The scope of the claims

[1] A human hepatitis B virus surface antigen protein (HBsAg) containing an S polypeptide portion is characterized by lacking at least amino acids at positions 105 to 148 of the S polypeptide portion. A modified HBsAg protein.

[2] The HBsAg protein variant according to [1], wherein the HBsAg protein variant further comprises a cell recognition moiety.

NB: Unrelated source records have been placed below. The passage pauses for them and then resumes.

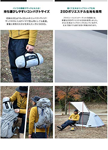 フライシートの材質が登山用のテントでも使われている20デニールのリップストップポリエステルで薄いですが、耐久性ある生地が使われて丈夫です。
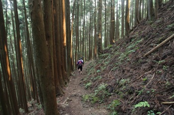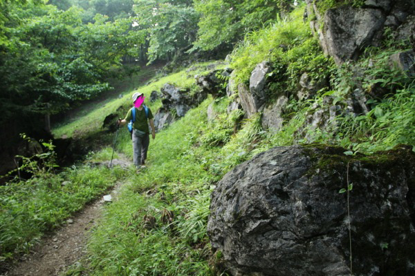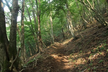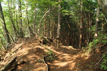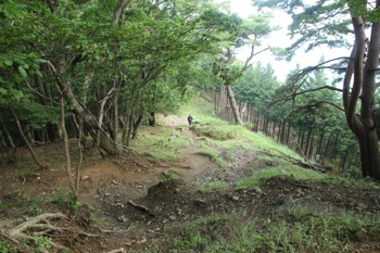 六ッ石山から、石尾根の下り坂。かなりの急斜面。
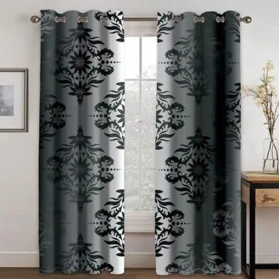 Высококачественная роскошная брендовая занавеска с черным узором и 3D принтом, плотная затеняющая занавеска для спальни, гостиной, окна отеля, 2 шт., бесплатные крючки W50H100(CM)x2Grommet Top
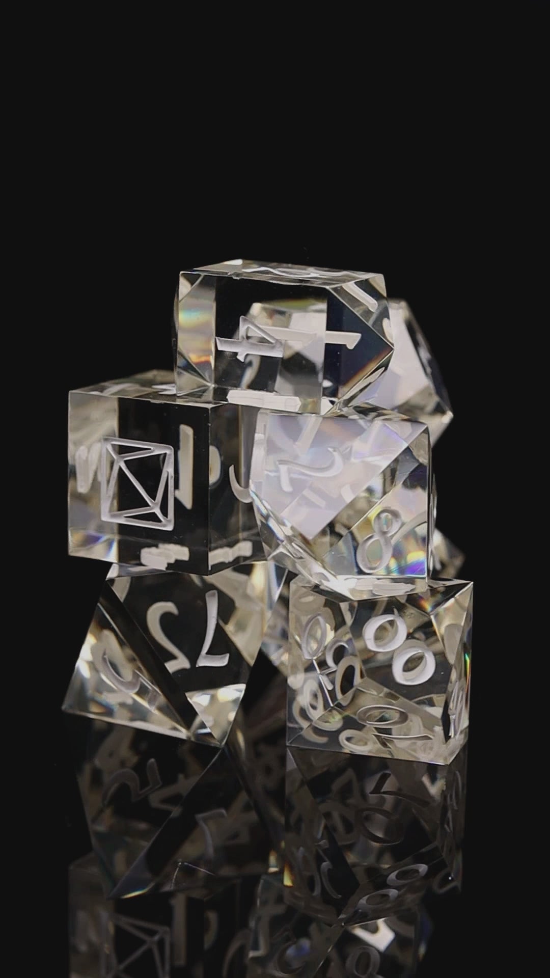 Transparent resin, polished to high gloss, inked with white paint. D6 has got KAZAD logo instead of nr 6. This set includes d4,d6,d8,d10,d%,d12,d20 and a certificate of authenticity. Dice come packed in elegant gift box with KAZAD logo.

[3] The HBsAg protein variant according to claim 1, further comprising at least one deletion of the following (a) to (c) in the S polypeptide portion:

(a) a deletion of at least one amino acid from position 101 to 104;

(b) a deletion of at least one amino acid at positions 149-154,

[4] HBsAg protein modification strength In addition to the S polypeptide portion, it contains a non-cell recognition site or part of the PreS portion, and further, a hepatocyte recognition portion derived from the PreS portion, antibody, growth factor, cyto force 2. The HBsAg protein variant according to claim 1, comprising at least one cell recognition moiety selected from the group consisting of: a cell surface antigen, a tissue-specific antigen, a receptor, a molecule derived from a virus and a microorganism, and a sugar chain.

[5] The modified HBs Ag protein according to claim 1, which has a linker peptide at a deletion site including positions 105 to 148.

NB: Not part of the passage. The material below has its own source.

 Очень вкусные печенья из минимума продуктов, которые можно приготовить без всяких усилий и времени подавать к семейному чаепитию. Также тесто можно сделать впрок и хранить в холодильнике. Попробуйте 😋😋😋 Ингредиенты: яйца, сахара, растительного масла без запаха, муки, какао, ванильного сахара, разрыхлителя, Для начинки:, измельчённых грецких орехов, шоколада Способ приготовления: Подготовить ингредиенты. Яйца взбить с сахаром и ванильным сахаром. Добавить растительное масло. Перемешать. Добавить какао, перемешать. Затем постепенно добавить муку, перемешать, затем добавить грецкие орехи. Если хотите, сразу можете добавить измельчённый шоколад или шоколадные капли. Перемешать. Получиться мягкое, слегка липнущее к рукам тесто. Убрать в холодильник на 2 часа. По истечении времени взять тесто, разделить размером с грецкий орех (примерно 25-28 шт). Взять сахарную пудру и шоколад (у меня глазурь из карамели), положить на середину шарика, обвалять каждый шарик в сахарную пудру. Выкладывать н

6. The modified HBsAg protein according to claim 5, wherein the linker peptide consists of 2 to 4 amino acid residues.

[7] Linker peptide has amino acid residues that break the helix (Gly, Pro, Asn, Tyr), amino acid residues that are many in the turn structure (Asn, Gly, Pro, Asp, Ser, Trp), and hardly stays at the membrane interface 6. The modified HBsAg protein according to claim 5, comprising a combination of amino acids selected from the group consisting of amino acid residues (Glu, Asp, Lys, His, Arg, Gin, Pro, Asn).

[8] The HBsAg protein variant according to claim 5, wherein the linker peptide is PD, QE, PSSS or PDNG.

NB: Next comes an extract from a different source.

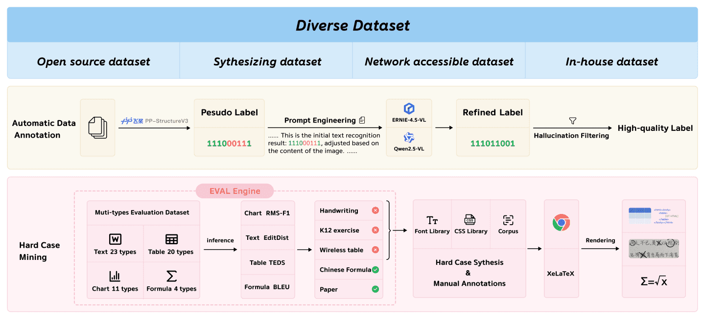 提出一种专为资源高效推理设计的视觉-语言模型,结合 NaViT 风格的动态高分辨率视觉编码器与轻量级语言模型 ERNIE-4.5-0.3B,显著提升了模型在元素识别与解码效率方面的表现。该架构在保持高精度的同时降低了计算需求,非常适合实际文档处理应用。高质量数据构建方法论(High-quality Data Construction Methodology):
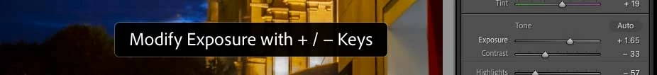 The quickest solution is to set keyboard focus back to Exposure by clicking the Exposure setting name text next to the slider. You’ll notice a brief overlay message that lets you know it took focus.

[9] An HBsAg hollow particle comprising the HBsAg protein variant according to any one of claims 1 to 8 as a constituent element.

[10] An transformed vector obtained by introducing an expression vector containing a gene encoding the HBsAg protein variant according to any one of claims 1 to 8 into a eukaryotic cell, and transforming the cell. A method for producing HBsAg particles, wherein the HBsAg particles according to claim 9 are collected.

[11] Inside the HBsAg hollow particle according to claim 9, at least 1 selected from the group consisting of DNA, RNA, protein, lipid, carbohydrate, labeling substance, drug, and physiologically active substance that can function in a cell. A substance carrier with a seed substance.